Türkiye’nin yeni tarikat örgütlenmesi: Haznevi Tarikatı
15 Temmuz sonrasında Türkiye’nin gündeminden düşmeyen cemaat ve tarikatların görünmeyen yüzleri açığa çıkmaya devam ediyor.
Bu tarikatlardan bir tanesi ise, Türkiye’nin son 20 yılında özellikle doğu, güneydoğu Anadolu ve göçle oluşan büyük şehirlerin gettolarında inceden inceye örgütlenen, varlığını pervasızca sergilemekten çekinmeyen Haznevi Tarikatı.
TBMM GÜNDEMİNE DE GELDİ
Tarikatın Suriye merkezli olduğu biliniyor. Tarikat lideri Muhammed Haznevi’nin Suudi Arabistan’ın Medine kentinde 2005 yılında geçirmiş olduğu trafik kazasında eşi, oğlu ve kızıyla birlikte hayatını kaybetmesi, tarikatın gücünü zayıflatmadığı gibi etkisini arttırmasına neden oldu.
Bu tarihten sonra, tarikatta taht kavgası başladı. Ölen şeyhin torunları arasında süren iktidar mücadelesi Türkiye’ye sıçradı. Adam kaçırma, silahlı tehdit iddiaları havada uçuştu. Ancak ne hikmetse bir tarikat içerisinde motivasyon kaybına neden olması gereken bu hadiseler tarikatın
daha da büyümesini sağladı.
Kamuoyu artık Haznevi Tarikatını her platformda duymaya başladı.

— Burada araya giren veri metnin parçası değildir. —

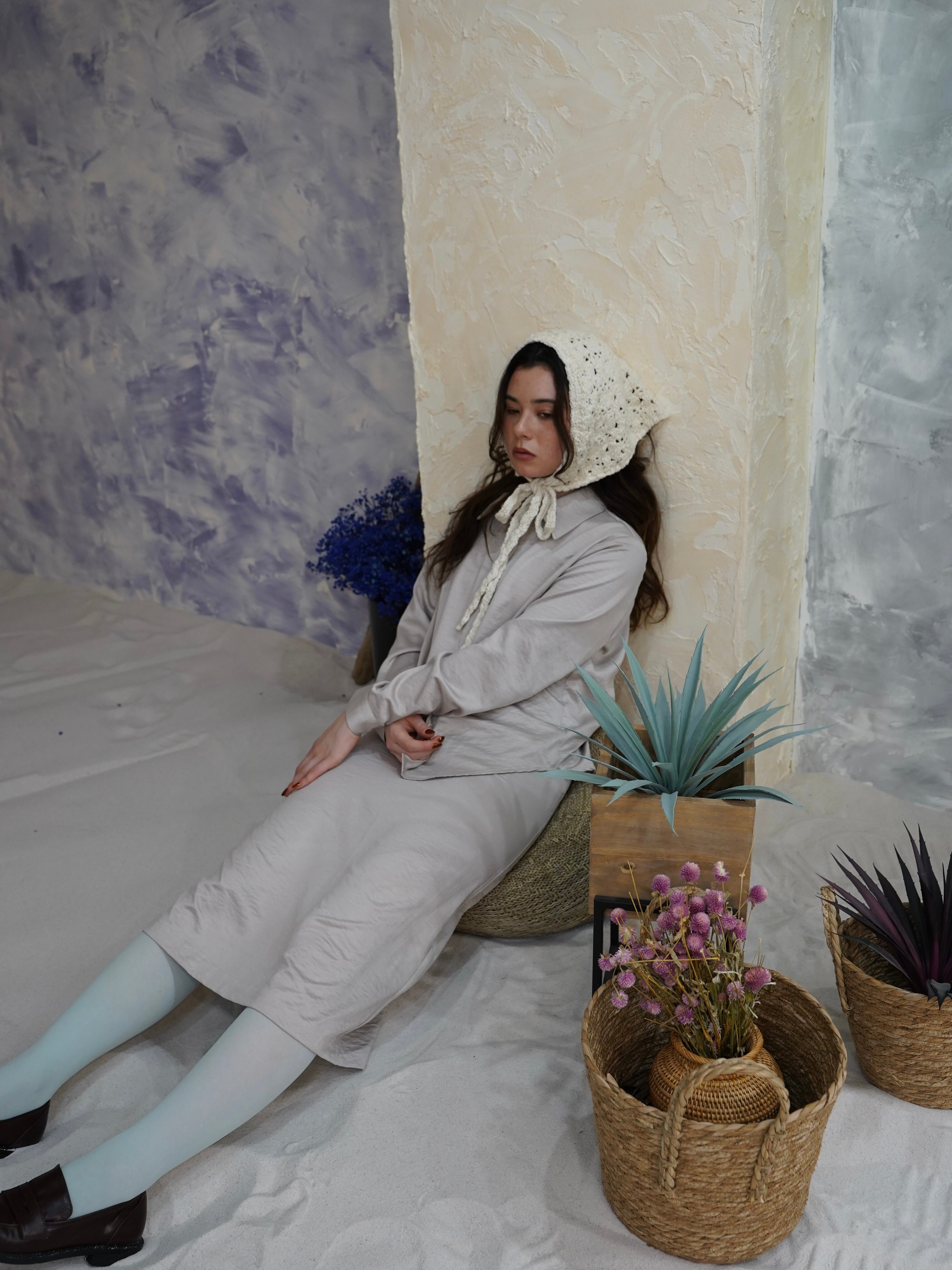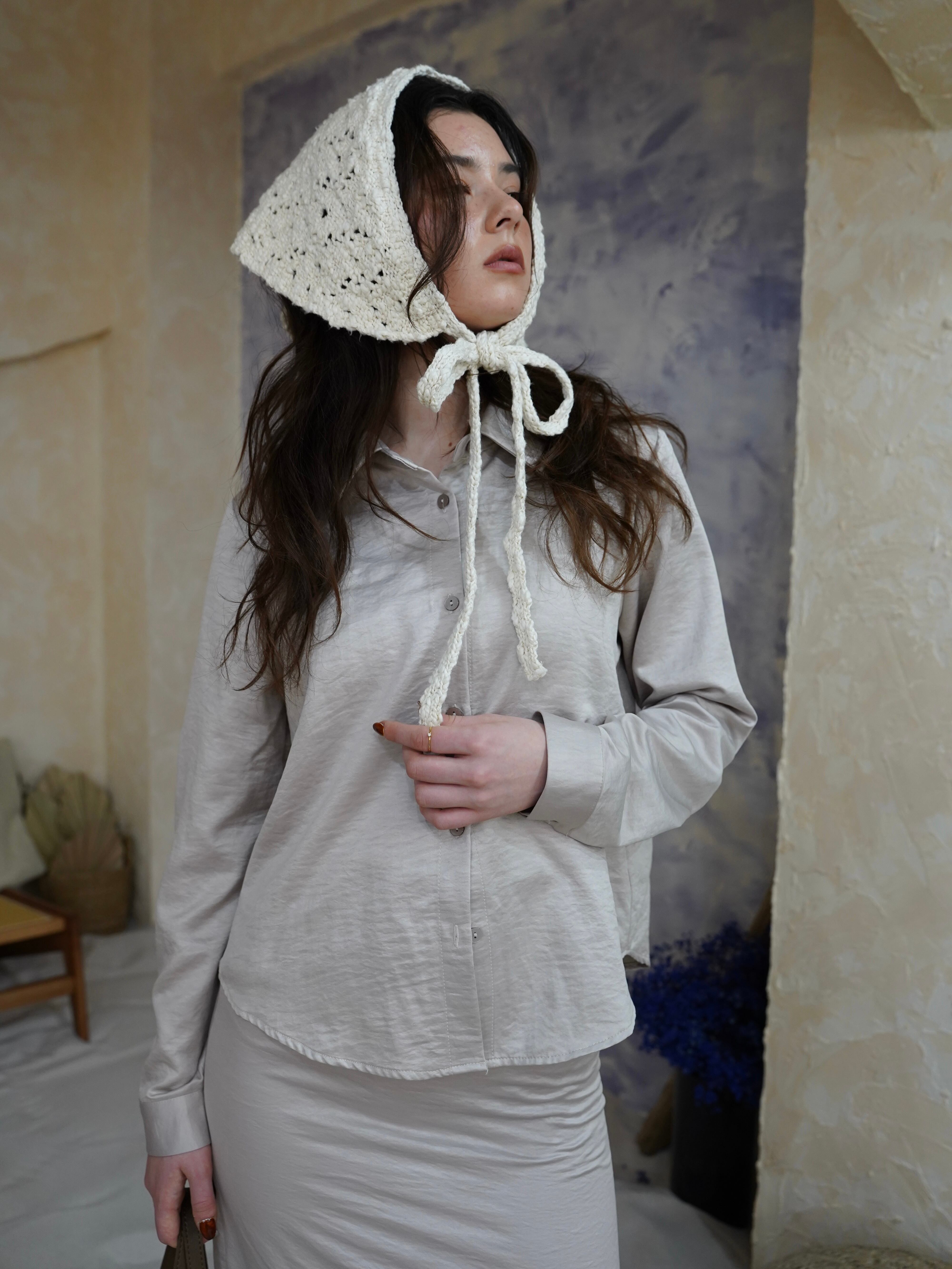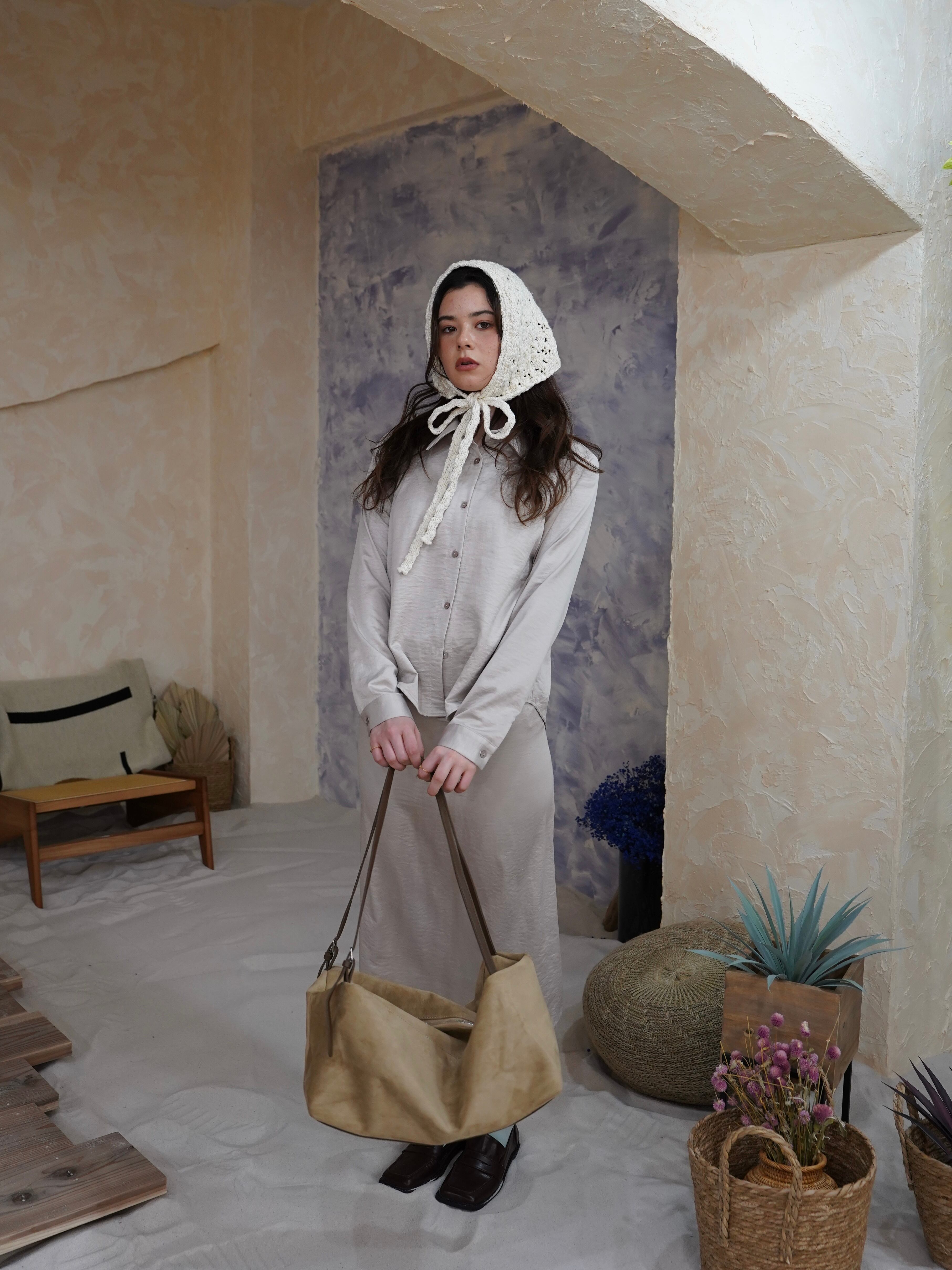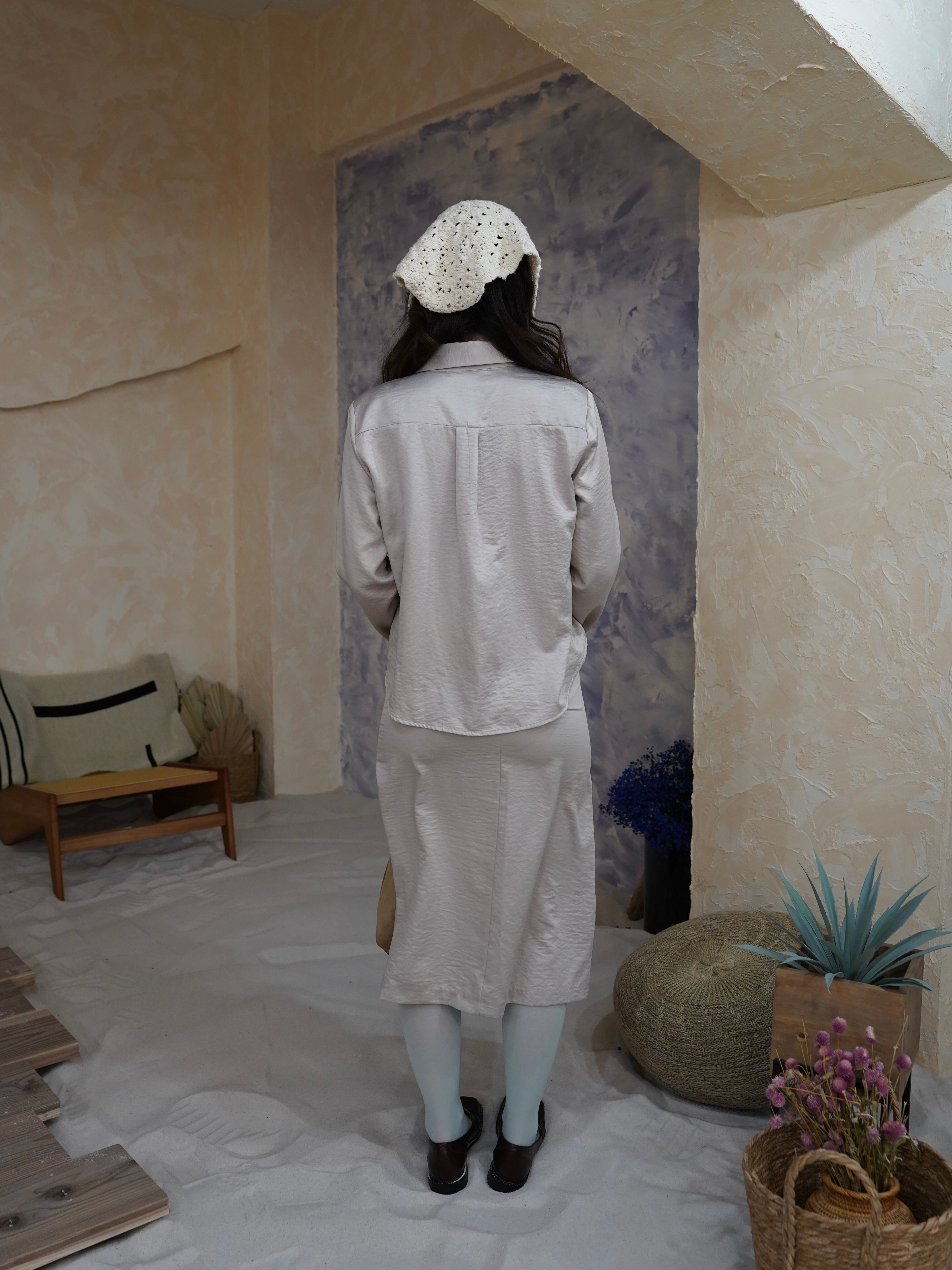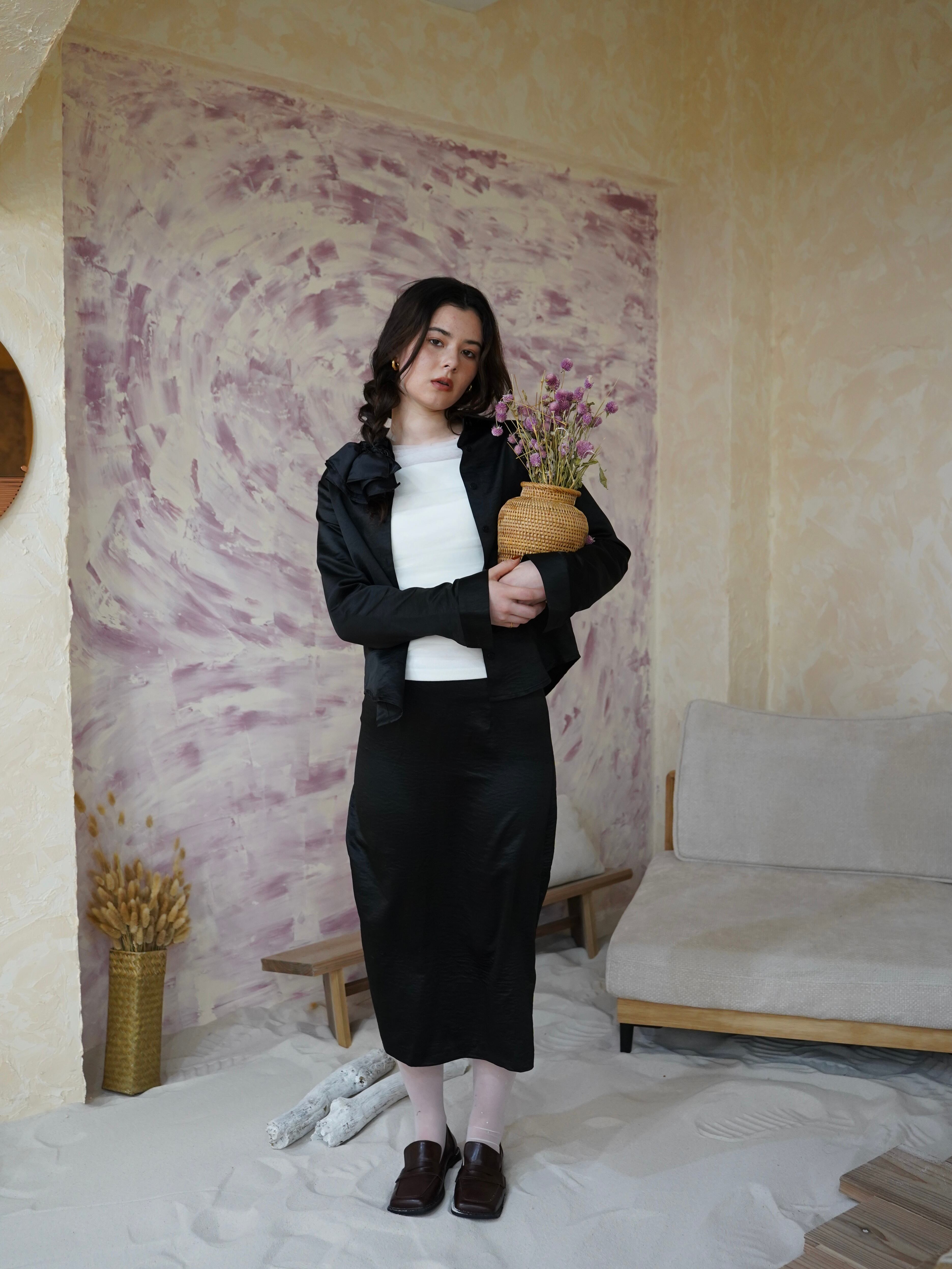 サテン素材のセットアップ、シャツとミディアムスカートは、エレガントで洗練された印象を与えるアイテムです。サテンの光沢感が華やかさを引き立て、上品で少しラグジュアリーな雰囲気が漂います。

Potansiyel oy deposu haline gelen tarikat, siyasilerin doğal olarak ilgi merkezi oldu. Güçlü yöneticiler, milletvekili ve bakanlar, dua almak için tarikatın yolunu tutmaya başladılar. Özellikle inşaatları dikkat çekmeye başlayan tarikatın, Gaziantep’te yaptığı devasa külliye TBMM gündeminde
kendine yer buldu.
HAZNEVİ TARİKATI ÖZERKLİK Mİ İLAN ETTİ?
Haznevi Tarikatının Adana’da örgütlenmesi ilk etapta Dağlıoğlu, Gülbahçesi, Şakirpaşa gibi mahallelerde kendini gösterirken, 2010 yılı sonrasında tarikat yapılanması kendine Kuzey Adana’yı seçti.
Kuzey Adana içerisinde Gürselpaşa Mahallesi ve Aliya İzzet Begoviç Bulvarı’nı üs olarak belirleyen tarikat, kanun ve kural tanımayan eylemleriyle kendini göstermeye başladı.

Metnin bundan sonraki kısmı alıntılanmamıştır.